Wed Jan 21 15:56:34 UTC 2009

----- "James Washer" <washer at trlp.com> wrote:

> Trying to investigate a SLES10SP1 crash dump
> 
> Using crash 4.0-7.6
> 
> Using -d9, I get the following just before crash gives up. 
> 
> Any ideas?
> 
> thanks
>  - jim
> 
> 
> There is absolutely no warranty for GDB.  Type "show warranty" for
> details.
> This GDB was configured as "powerpc64-unknown-linux-gnu"...
> GETBUF(248 -> 0)
>   GETBUF(1500 -> 1)
> 
>   FREEBUF(1)                                                          
> 
> FREEBUF(0)
> <readmem: c00000000039db08, KVADDR, "kernel_config_data", 32768,(ROE) 11721c00>
> crash: read error: kernel virtual address: c00000000039db08  type: "kernel_config_data"
> WARNING: cannot read kernel_config_data
> GETBUF(248 -> 0)
> FREEBUF(0)
> GETBUF(16 -> 0)
> <readmem: c0000000006470b8, KVADDR, "cpu_possible_map", 16, (ROE), 1071e968>
> crash: read error: kernel virtual address: c0000000006470b8  type: "cpu_possible_map"
> WARNING: cannot read cpu_possible_map
> <readmem: c000000000653130, KVADDR, "cpu_present_map", 16, (ROE), 1071e968>
> crash: read error: kernel virtual address: c000000000653130  type: "cpu_present_map"
> WARNING: cannot read cpu_present_map
> <readmem: c0000000006470c8, KVADDR, "cpu_online_map", 16, (ROE), 1071e968>
> crash: read error: kernel virtual address: c0000000006470c8  type: "cpu_online_map"
> WARNING: cannot read cpu_online_map
> FREEBUF(0)
> <readmem: c0000000006d9f00, KVADDR, "xtime", 16, (FOE), 106f4218>
> crash: read error: kernel virtual address: c0000000006d9f00  type: "xtime"
> op720lpar5:/washer # 

Hi Jim,

Without the prior debug output I can't tell whether the
the dumpfile an ELF kdump or a compressed kdump.  But in 
either case, every read from the dumpfile is failing.

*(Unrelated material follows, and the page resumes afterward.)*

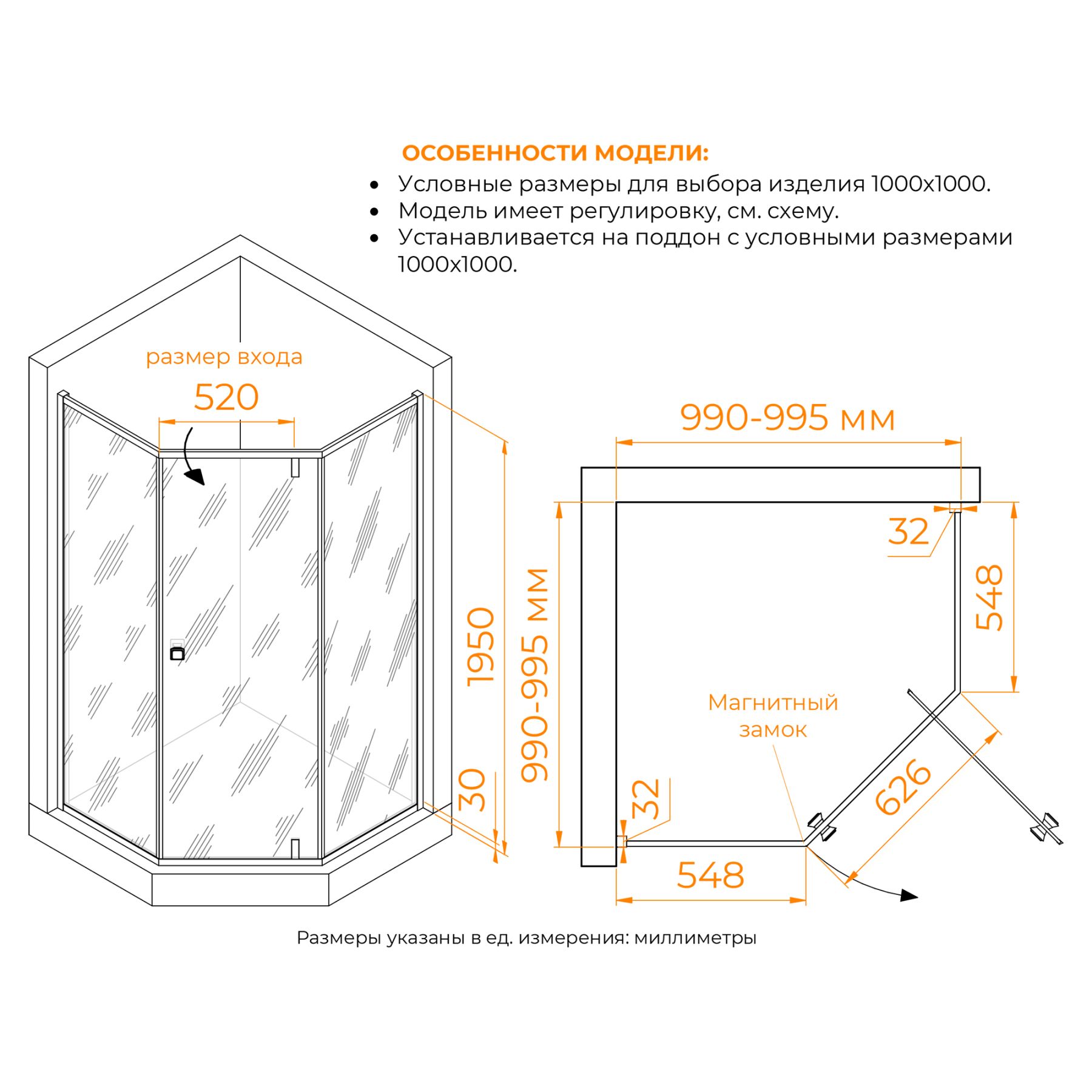 Душевой уголок RGW HO-088B 350608800-24 100x100 см чёрный купить

When readmem() is called, it translates those virtual address
values into their physical address, and the physical address is
passed onto either read_kdump() or read_diskdump().  A READ_ERROR
is being returned from whichever of those two functions were called.

(1) read_kdump() passes the request to read_netdump(), which
is where the READ_ERROR is generated.

(2) read_diskdump() -- used for compressed kdump vmcores --
calls diskdump.c's cache_page(), which is where the READ_ERROR
is generated.

In the case of read_kdump()'s call to read_netdump(), a READ_ERROR 
is generated for two possible reasons:

  1. if the physical address does not fit into any of the
     PT_LOAD segments declared in the ELF header.
  2. if the physical address does fit into a PT_LOAD segment,
     but the actual read() system call fails.

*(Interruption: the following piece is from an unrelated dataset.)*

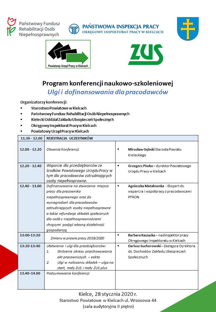 Oddział Świętokrzyski Państwowego Funduszu Rehabilitacji Osób Niepełnosprawnych we współpracy ze Starostwem Powiatowym w Kielcach, Zakładem Ubezpieczeń Społecznych, Państwową Inspekcją Pracy oraz Powiatowym Urzędem Pracy w Kielcach zaprasza na konferencję, pn. „Ulgi i dofinansowania dla pracodawców”.

In the case of read_diskdump()'s call to cache_page(), a READ_ERROR
is generated for four possible reasons:

  1. if the read() system call of the page descriptor fails.
  2. if the page descriptor's advertised size is greater than the
     header's block_size.
  3. if the read() system call of the compressed page fails.
  4. if the uncompress() of the page data fails.  (but there's
     an error message associated with that, so that's not the
     problem in your case)

So the first thing to determine is where the READ_ERROR is
generated.

Dave